▸ EXCERPTED RECORDS:
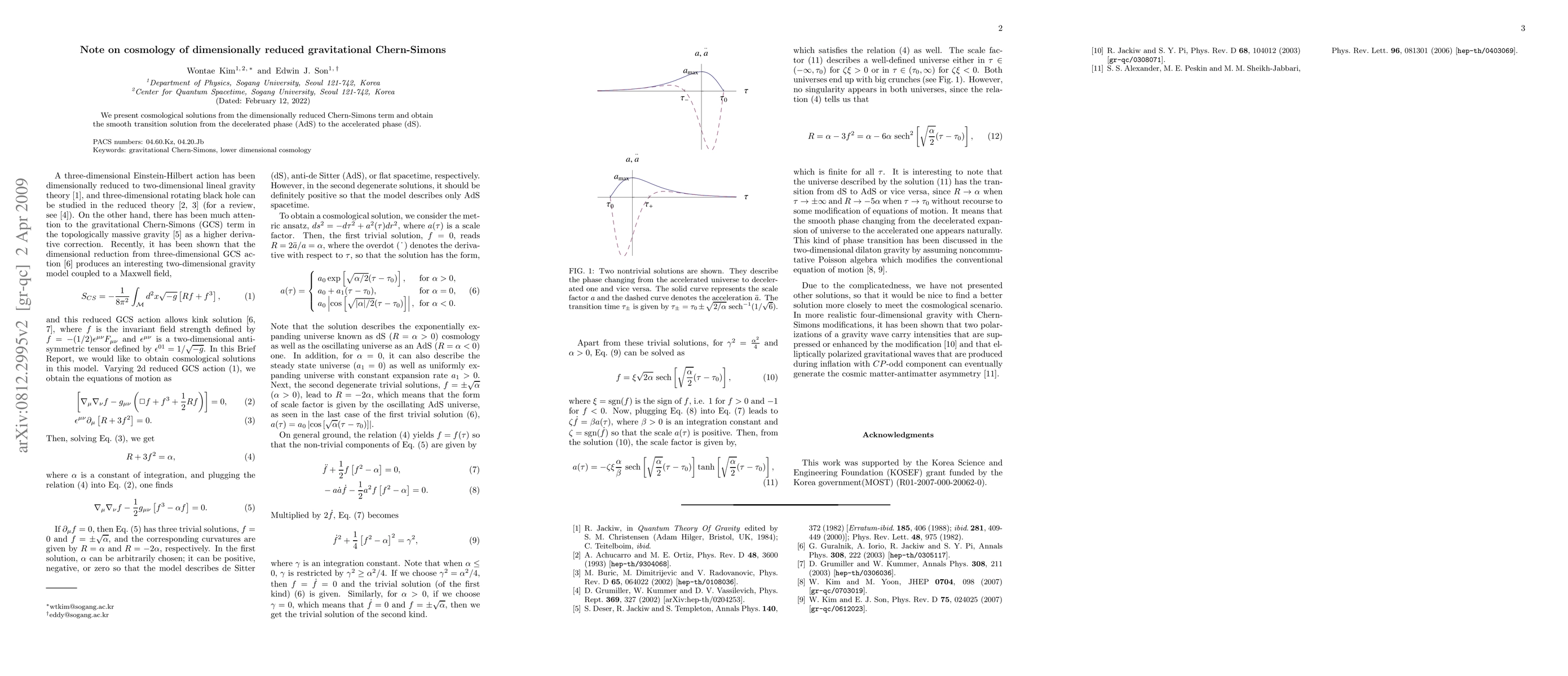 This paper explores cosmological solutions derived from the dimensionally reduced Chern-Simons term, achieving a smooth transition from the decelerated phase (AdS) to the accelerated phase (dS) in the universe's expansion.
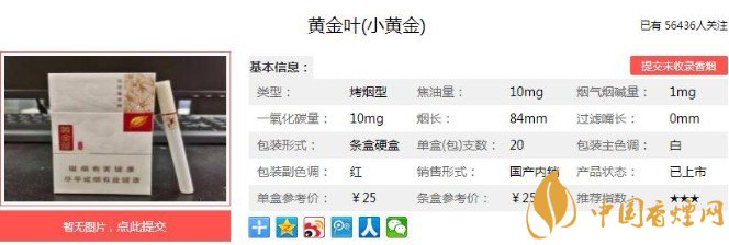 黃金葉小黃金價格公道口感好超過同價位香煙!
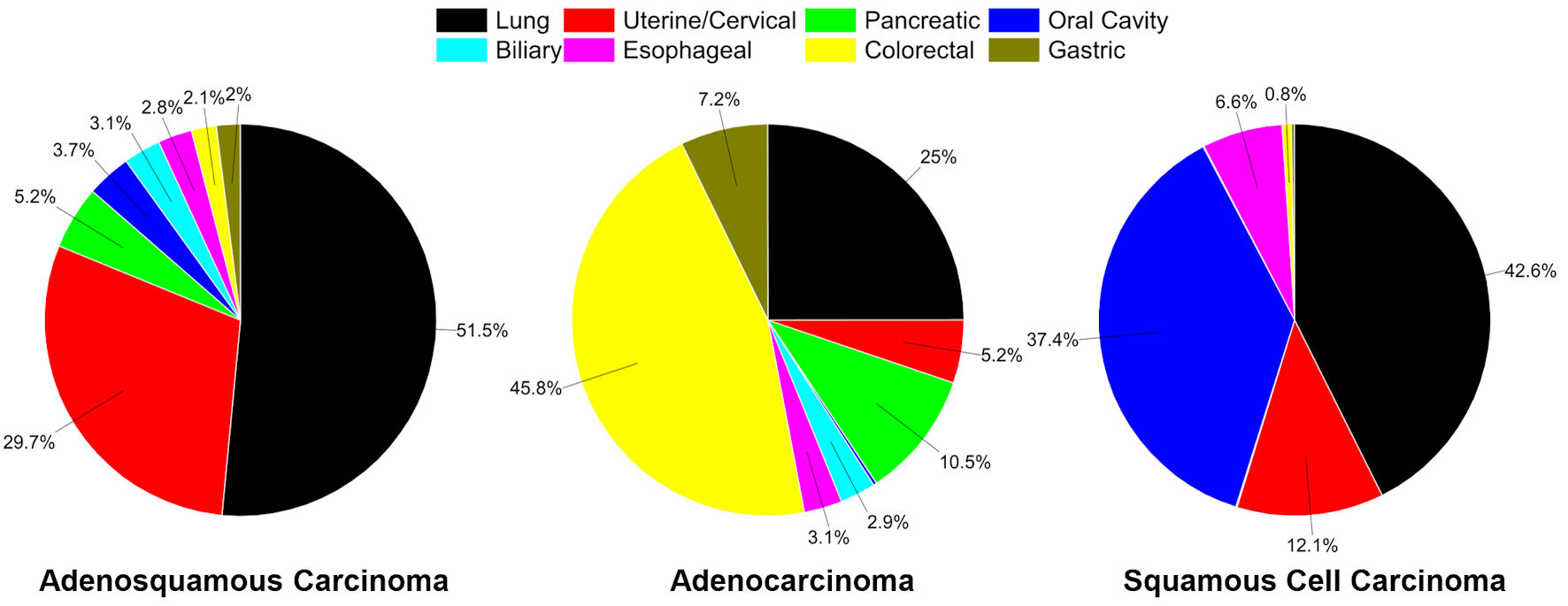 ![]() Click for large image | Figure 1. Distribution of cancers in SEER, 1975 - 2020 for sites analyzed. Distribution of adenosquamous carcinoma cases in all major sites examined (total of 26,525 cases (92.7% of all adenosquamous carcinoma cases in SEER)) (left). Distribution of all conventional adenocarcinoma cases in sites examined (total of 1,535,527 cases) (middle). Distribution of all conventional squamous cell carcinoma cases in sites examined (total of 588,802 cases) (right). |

---

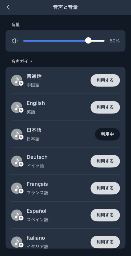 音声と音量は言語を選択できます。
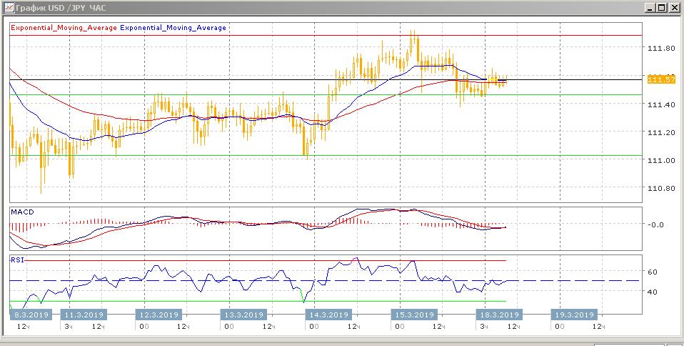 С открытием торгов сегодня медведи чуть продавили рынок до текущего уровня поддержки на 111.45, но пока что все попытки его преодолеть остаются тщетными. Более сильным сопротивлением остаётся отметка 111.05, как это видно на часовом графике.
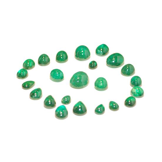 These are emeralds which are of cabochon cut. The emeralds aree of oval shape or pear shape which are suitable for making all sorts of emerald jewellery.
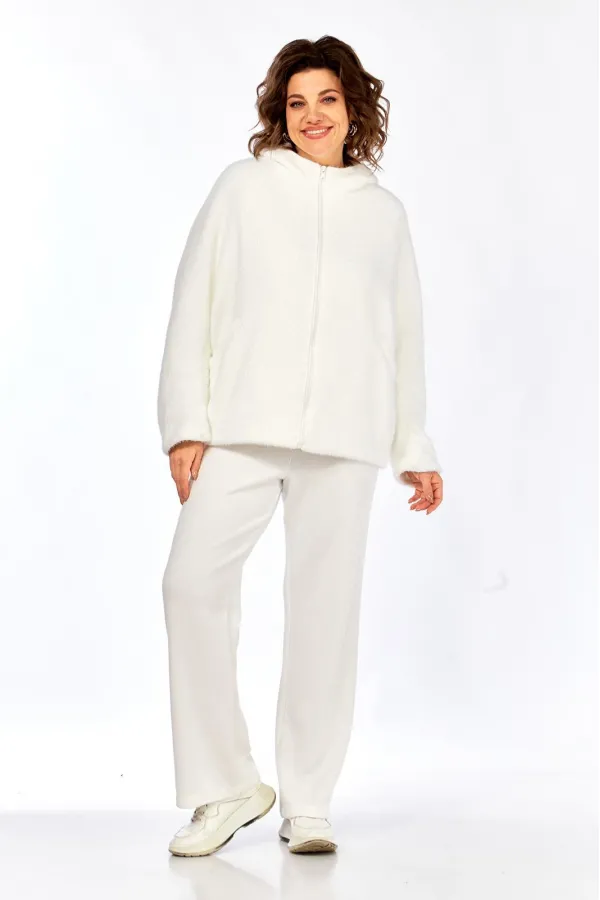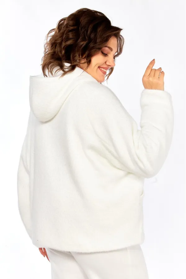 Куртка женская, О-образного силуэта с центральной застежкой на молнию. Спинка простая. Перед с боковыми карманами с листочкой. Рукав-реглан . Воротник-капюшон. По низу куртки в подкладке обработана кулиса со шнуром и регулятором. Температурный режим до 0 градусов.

...

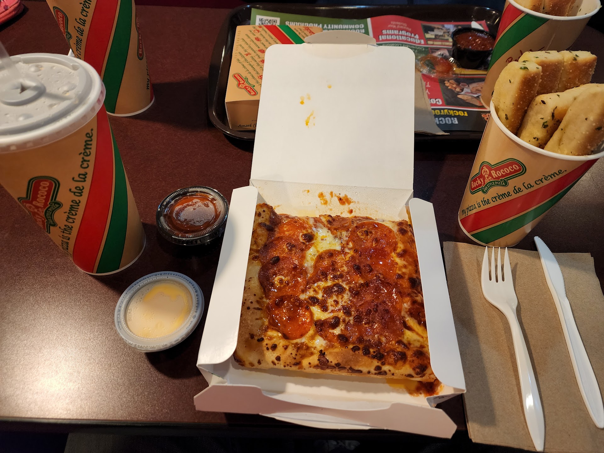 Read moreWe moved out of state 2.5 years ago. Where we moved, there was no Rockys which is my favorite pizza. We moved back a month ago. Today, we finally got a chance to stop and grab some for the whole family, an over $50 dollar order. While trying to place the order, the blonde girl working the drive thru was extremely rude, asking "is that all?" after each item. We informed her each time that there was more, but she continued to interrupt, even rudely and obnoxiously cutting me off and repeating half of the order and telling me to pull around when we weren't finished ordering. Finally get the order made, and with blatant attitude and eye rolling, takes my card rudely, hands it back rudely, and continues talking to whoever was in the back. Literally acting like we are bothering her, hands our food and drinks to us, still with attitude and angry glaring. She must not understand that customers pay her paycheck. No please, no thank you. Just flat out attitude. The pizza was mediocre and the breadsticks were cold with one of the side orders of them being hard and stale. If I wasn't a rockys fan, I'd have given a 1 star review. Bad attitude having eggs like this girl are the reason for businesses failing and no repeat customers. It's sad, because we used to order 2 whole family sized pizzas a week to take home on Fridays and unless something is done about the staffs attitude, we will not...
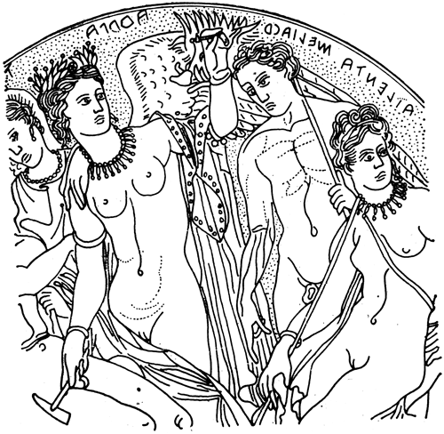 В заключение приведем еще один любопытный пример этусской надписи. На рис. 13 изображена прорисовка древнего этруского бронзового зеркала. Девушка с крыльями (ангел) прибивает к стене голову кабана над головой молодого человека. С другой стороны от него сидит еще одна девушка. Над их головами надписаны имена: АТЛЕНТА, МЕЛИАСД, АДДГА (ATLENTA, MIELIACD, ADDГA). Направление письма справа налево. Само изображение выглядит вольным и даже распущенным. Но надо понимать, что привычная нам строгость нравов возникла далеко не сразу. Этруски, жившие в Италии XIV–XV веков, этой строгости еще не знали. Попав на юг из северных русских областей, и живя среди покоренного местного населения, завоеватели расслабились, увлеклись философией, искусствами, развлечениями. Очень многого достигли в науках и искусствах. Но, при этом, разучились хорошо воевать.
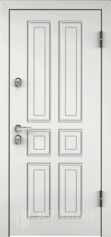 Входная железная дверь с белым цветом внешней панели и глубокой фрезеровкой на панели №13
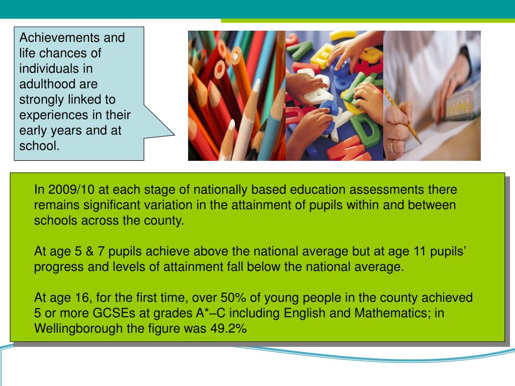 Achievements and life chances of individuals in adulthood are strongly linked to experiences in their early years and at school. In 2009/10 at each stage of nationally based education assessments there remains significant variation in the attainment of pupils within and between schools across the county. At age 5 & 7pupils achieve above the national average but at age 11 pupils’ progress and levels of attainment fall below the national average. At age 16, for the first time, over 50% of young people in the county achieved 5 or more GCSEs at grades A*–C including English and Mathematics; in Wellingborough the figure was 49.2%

▸ DIRECTIONS:
Please output the lines above beginning at the line with "音声と音量は言語を選択できます。" and ending after the line with "Куртка женская, О-образного", precisely as written and with no pictures.

▸ RESULT FOR THIS EXERCISE:
 音声と音量は言語を選択できます。
 С открытием торгов сегодня медведи чуть продавили рынок до текущего уровня поддержки на 111.45, но пока что все попытки его преодолеть остаются тщетными. Более сильным сопротивлением остаётся отметка 111.05, как это видно на часовом графике.
 These are emeralds which are of cabochon cut. The emeralds aree of oval shape or pear shape which are suitable for making all sorts of emerald jewellery.
 Куртка женская, О-образного силуэта с центральной застежкой на молнию. Спинка простая. Перед с боковыми карманами с листочкой. Рукав-реглан . Воротник-капюшон. По низу куртки в подкладке обработана кулиса со шнуром и регулятором. Температурный режим до 0 градусов.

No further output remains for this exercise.